Roskam’s emerging career (he’s only been in national politics for two terms) is typical of so many Neocons these days. Say one thing to get elected and then do the opposite and look for cover from the vast reservoir of media outlets and organizations paid off by pharmaceutical companies, oil companies, natural gas companies, manufacturing companies, mining, timber, health insurance, media…big international corporations making billions while the people suffer.

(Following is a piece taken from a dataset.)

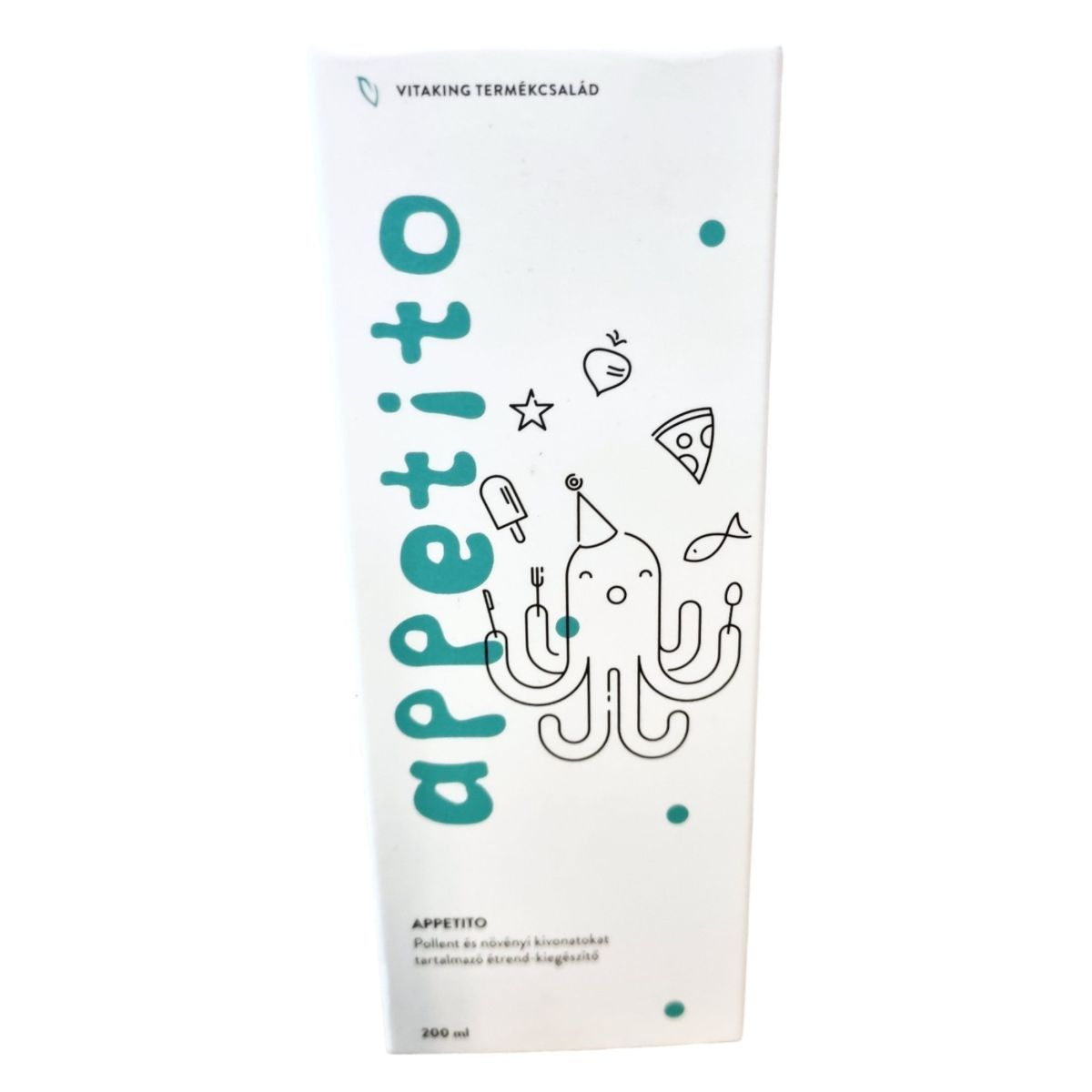 A Vitaking Appetito egy pollen és növényi kivonatokat tartalmazó étrend-kiegészítő, amely 200 ml-es kiszerelésben kapható. A termék összetevői között megtalálható a pollen, búzacsíra, ezerjófű, sárga tárnicsgyökér és görögszéna kivonat, melyek hozzájárulhatnak az étvágyhoz és segíthetik az emésztést. A termék használata előtt felrázandó, és közvetlenül lenyelhető vagy hígítható vízzel vagy gyümölcslével. A terméket száraz, hűvös helyen, sugárzó hőtől és fénytől védve kell tárolni. Terhesség és szoptatás alatt nem ajánlott a fogyasztása. Az OGYÉI nyilvántartási száma: 26167/2021.

Neocon Roskam says he is for fiscal responsibility and in favor of two big wars and continuing to keep taxes very low for the rich. He is also in favor of denying anything to citizens, like reasonably priced health care (except tax cuts) but in favor of supporting more oil drilling in this country as opposed to promoting alternative sources of energy. He is in favor of higher gas prices, maintaining low-mileage cars, and not in favor of stimulating the economy to create more jobs.

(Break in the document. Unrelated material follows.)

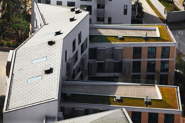 Located on the foot of the mountain which is called “south mountain”, the site is terraced and sloped. The buildings gently grow out from the landscape, taking on the angular characteristic of the geography while offering ponds and courtyards to the residents. Views from the units extend to several smaller courtyards where bamboo, pine, and plum blossom can be found. In the center of the site, a modest walkway forms a link over the water, bridging the interconnected garden.

Roskam is a protégé of his former boss, Tom DeLay, the former leader of the Right Wing from Texas, who along with Dick Armey and the Bush Administration brought us $7 trillion of the current $12 trillion in debt. DeLay, many people will remember, was the man who led the effort to gerrymander the districts of House Members in Texas, which he eventually did. It has been pointed out that there is not one Democratic district left in Texas that is not either Hispanic or African-American.

We don’t know how or whether Roskam helped him plan this redistricting and gerrymandering at the time he worked for DeLay. But we know that Roskam, like Jack Abramoff, another associate of DeLay’s worked for and learned politics from DeLay. Abramoff went to jail for illegal matters having to do with lobbying and $66 million dollars from Native Americans and gambling. As yet, Roskam has not been indicted for anything.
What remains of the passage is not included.